[[ Material for the task, beginning ]]

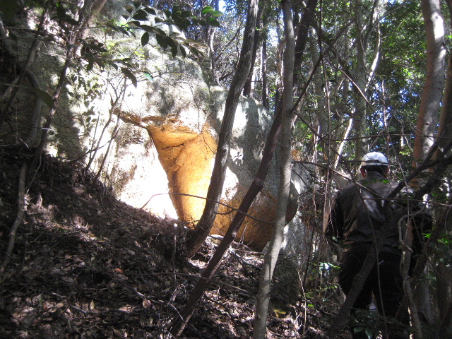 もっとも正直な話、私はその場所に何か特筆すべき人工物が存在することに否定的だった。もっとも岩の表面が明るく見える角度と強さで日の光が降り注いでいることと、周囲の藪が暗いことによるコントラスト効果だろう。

[[ Material for the task, end ]]
[[ Material for the task, beginning ]]

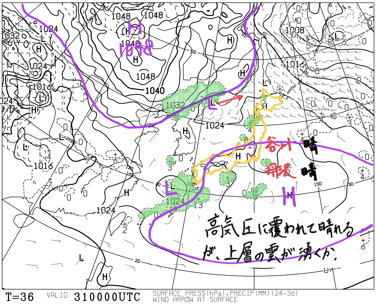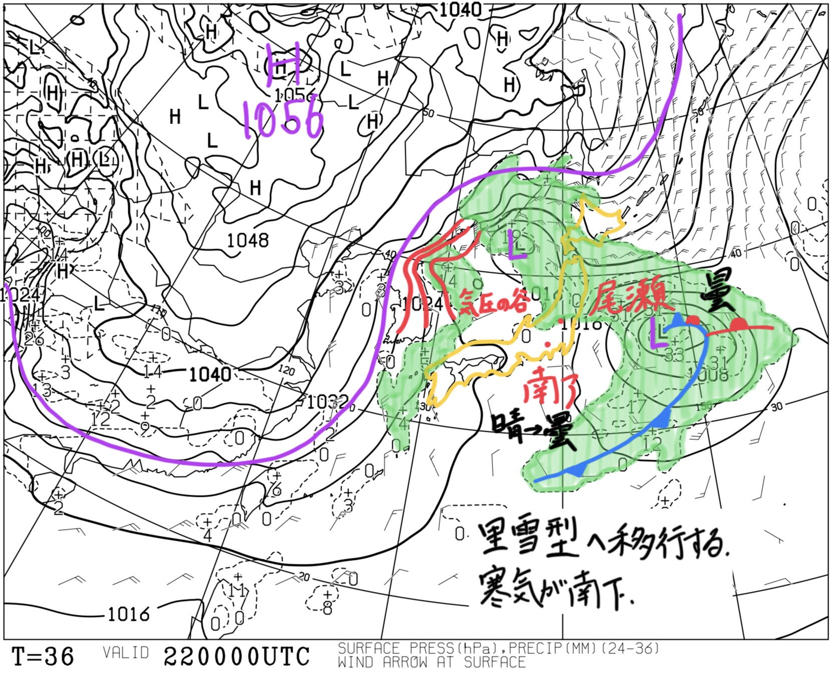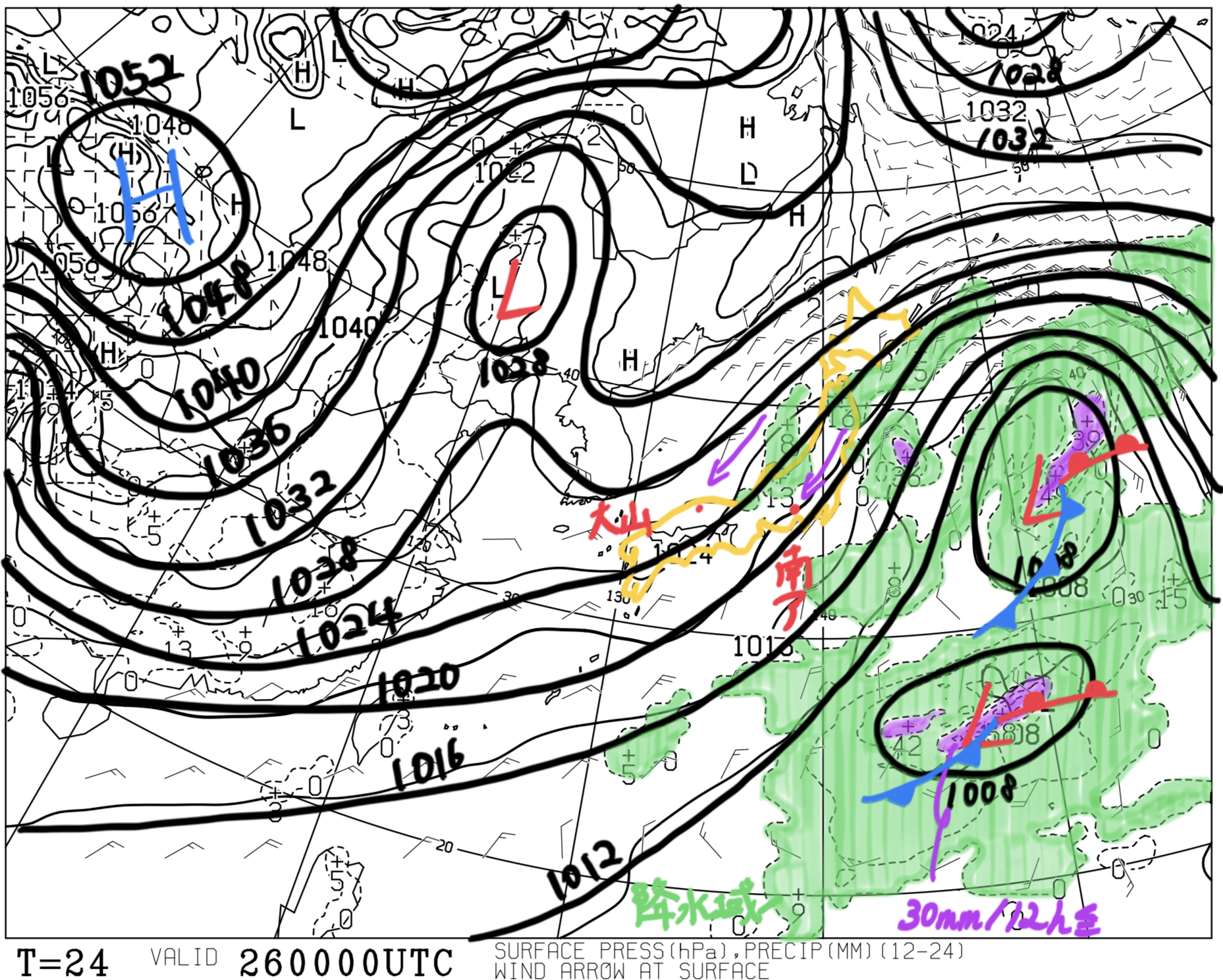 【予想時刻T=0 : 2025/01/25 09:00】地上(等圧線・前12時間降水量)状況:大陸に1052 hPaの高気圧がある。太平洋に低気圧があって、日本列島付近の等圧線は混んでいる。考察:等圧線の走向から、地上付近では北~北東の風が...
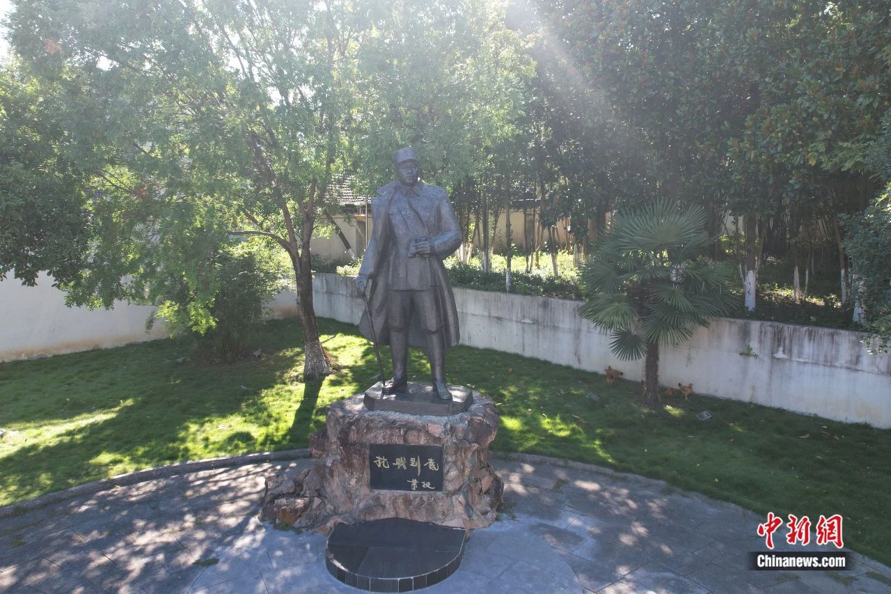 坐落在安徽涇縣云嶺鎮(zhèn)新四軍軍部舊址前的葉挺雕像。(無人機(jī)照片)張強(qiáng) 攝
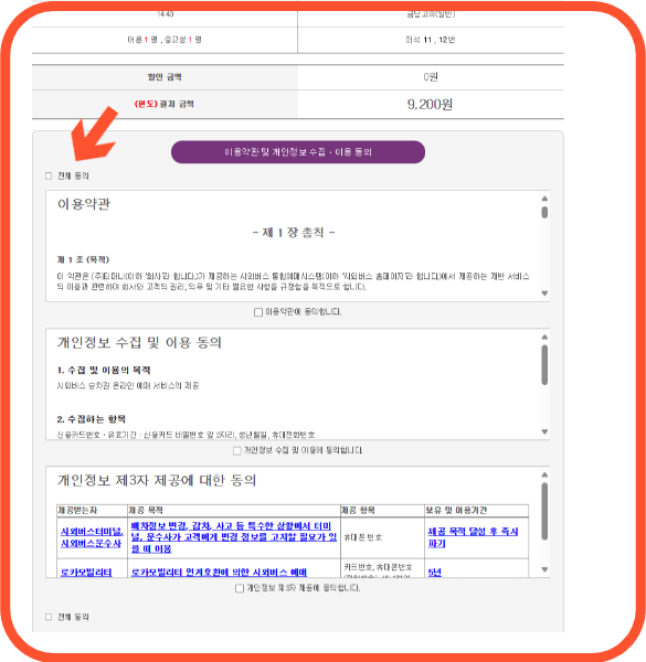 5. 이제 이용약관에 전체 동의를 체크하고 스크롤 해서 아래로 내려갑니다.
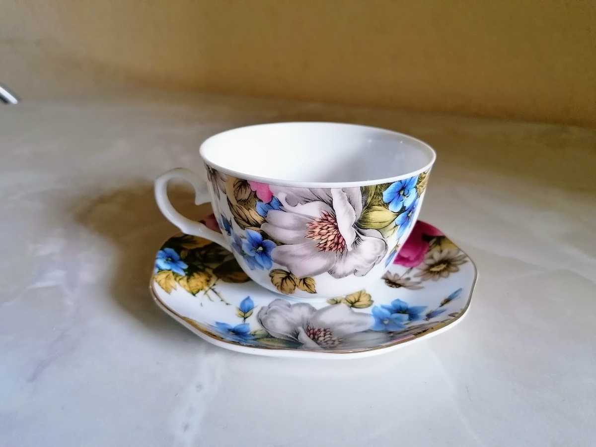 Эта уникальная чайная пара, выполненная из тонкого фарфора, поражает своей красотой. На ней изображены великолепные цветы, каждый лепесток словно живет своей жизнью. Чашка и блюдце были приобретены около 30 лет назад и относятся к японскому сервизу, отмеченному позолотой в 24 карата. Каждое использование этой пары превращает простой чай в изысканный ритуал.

[[ Material for the task, end ]]
[[ Material for the task, beginning ]]

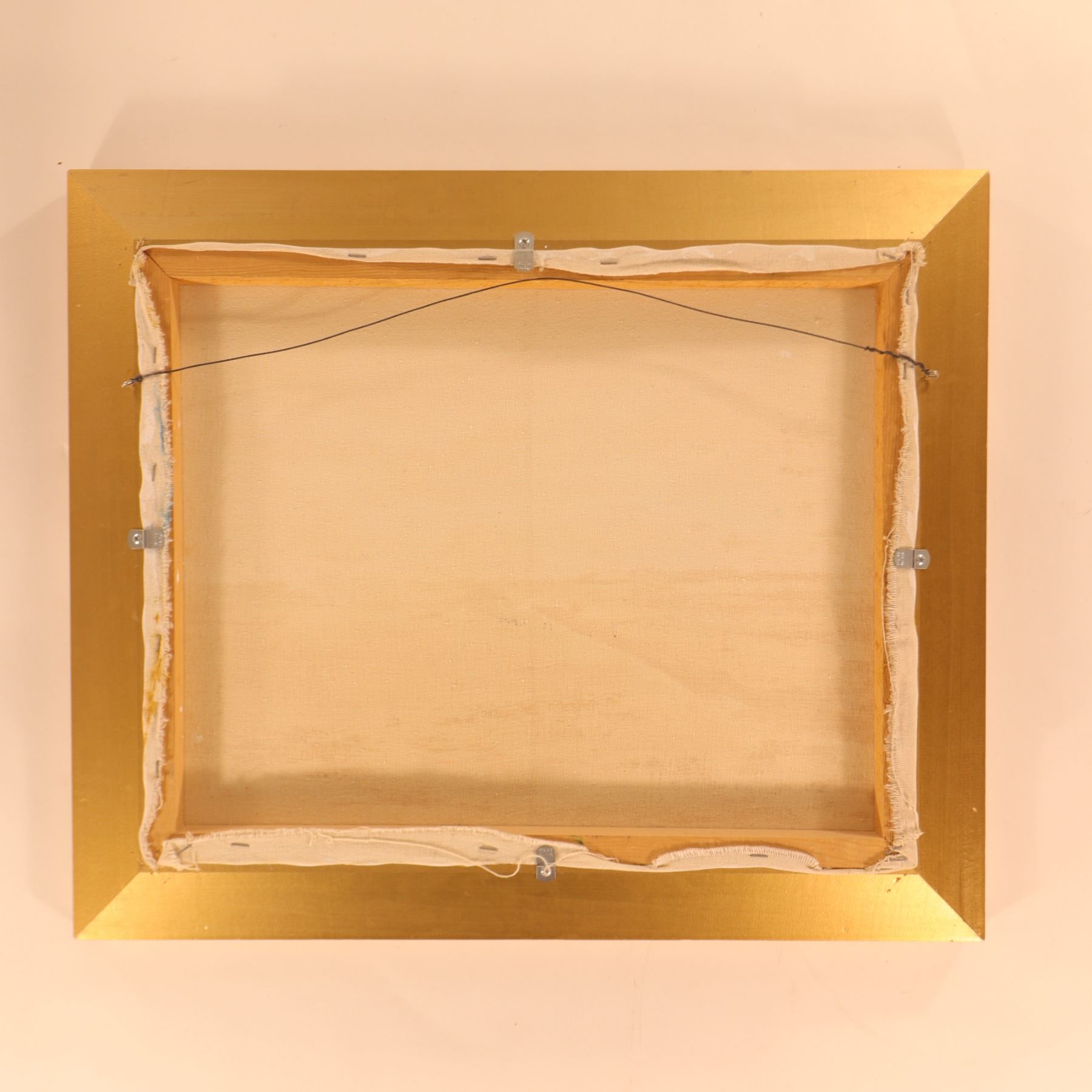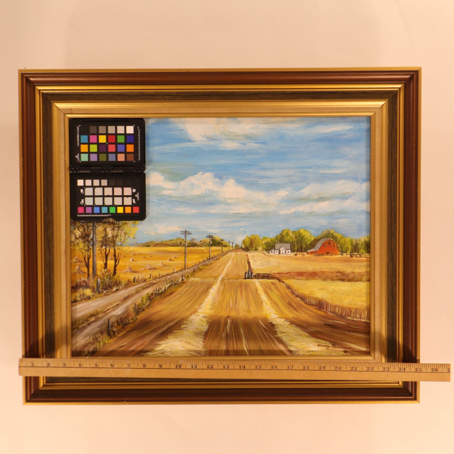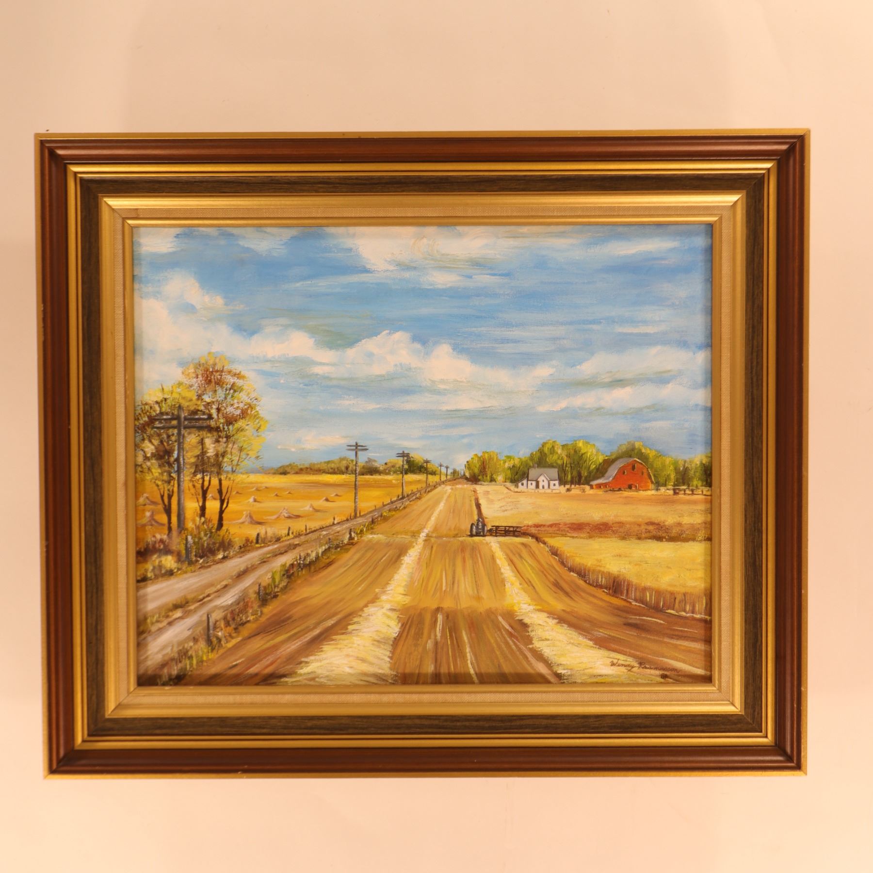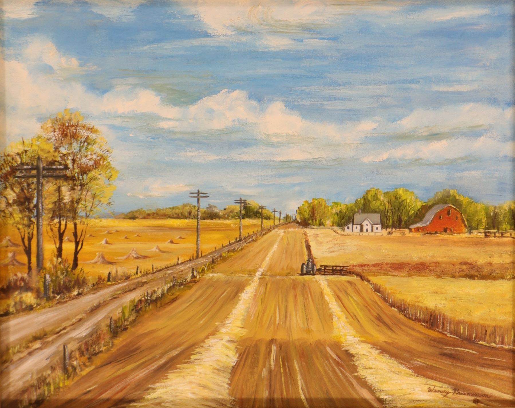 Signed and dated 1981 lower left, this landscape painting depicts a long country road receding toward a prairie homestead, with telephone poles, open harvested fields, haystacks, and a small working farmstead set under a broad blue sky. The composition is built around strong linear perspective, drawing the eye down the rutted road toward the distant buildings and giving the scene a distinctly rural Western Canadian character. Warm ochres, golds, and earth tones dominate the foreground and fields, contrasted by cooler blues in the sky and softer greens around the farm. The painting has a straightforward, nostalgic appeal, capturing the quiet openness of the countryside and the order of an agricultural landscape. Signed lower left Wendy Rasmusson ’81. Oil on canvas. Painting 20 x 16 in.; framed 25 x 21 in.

[[ Material for the task, end ]]

> **Required work**
Set the pictures aside and retype exactly the lines above from the line with "坐落在安徽涇縣云嶺鎮(zhè" to the line with "5. 이제 이용약관에 전체 동의를 체크하고 스크롤 해서 아래로 내려갑니다.", both included, adding no others.

> **Written solution**
 坐落在安徽涇縣云嶺鎮(zhèn)新四軍軍部舊址前的葉挺雕像。(無人機(jī)照片)張強(qiáng) 攝
 5. 이제 이용약관에 전체 동의를 체크하고 스크롤 해서 아래로 내려갑니다.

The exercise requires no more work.